Откладывая в сторону подобные случаи, перенос (обычно осуществляемый словом) эстетической эмоции, или, по крайней мере, готовности к эстетической эмоции, вероятно, является одним из объяснений распространения эстетического интереса от одного искусства к другому, так же как это объяснение некоторых фаз эстетического развития индивида. Автор этих строк может поручиться за случай по крайней мере одного реального ребенка, у которого возможность эстетической эмоции, а впоследствии и эстетической оценки, была распространена с музыки и природных пейзажей на картины и статуи путем применения слова «прекрасный» к каждой из этих различных категорий. И нечто аналогичное, вероятно, способствовало первобытному осознанию того, что эмпатические удовольствия, до сих пор привязанные к геометрическим формам, могут быть получены от реалистических форм, скажем, бизонов и северных оленей, которые до сих пор ценились за их жизненность и мастерство, но еще не подвергались никакой эстетической дискриминации (ср. стр. 96).
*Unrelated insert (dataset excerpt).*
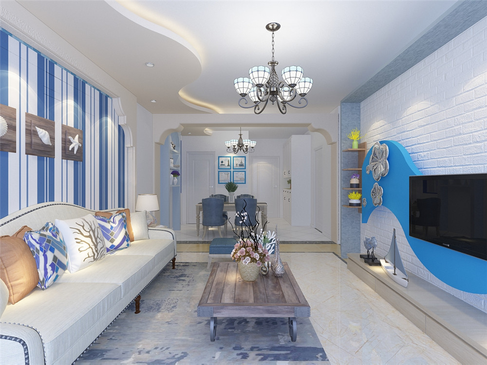 這一套地中海風格的案例,有一種在希臘海邊小鎮(zhèn)度假的感覺。以藍白色為主,融入了海浪的元素,自由浪漫,很有格調(diào)。

Аналогично, в наши дни наслаждение природными пейзажами продвигается развитием пейзажной живописи, а не наоборот. Более того, я осмелюсь предположить, что именно привычка к эстетической эмоции, подобной той, которую средневековые люди получали от пропорций, направлений и координации линий в своих соборах из камня или кирпича, заставила их музыкантов выстраивать, подобно Абту Фоглеру у Браунинга, первые сбалансированные и скоординированные жилища души, созданные из звуков.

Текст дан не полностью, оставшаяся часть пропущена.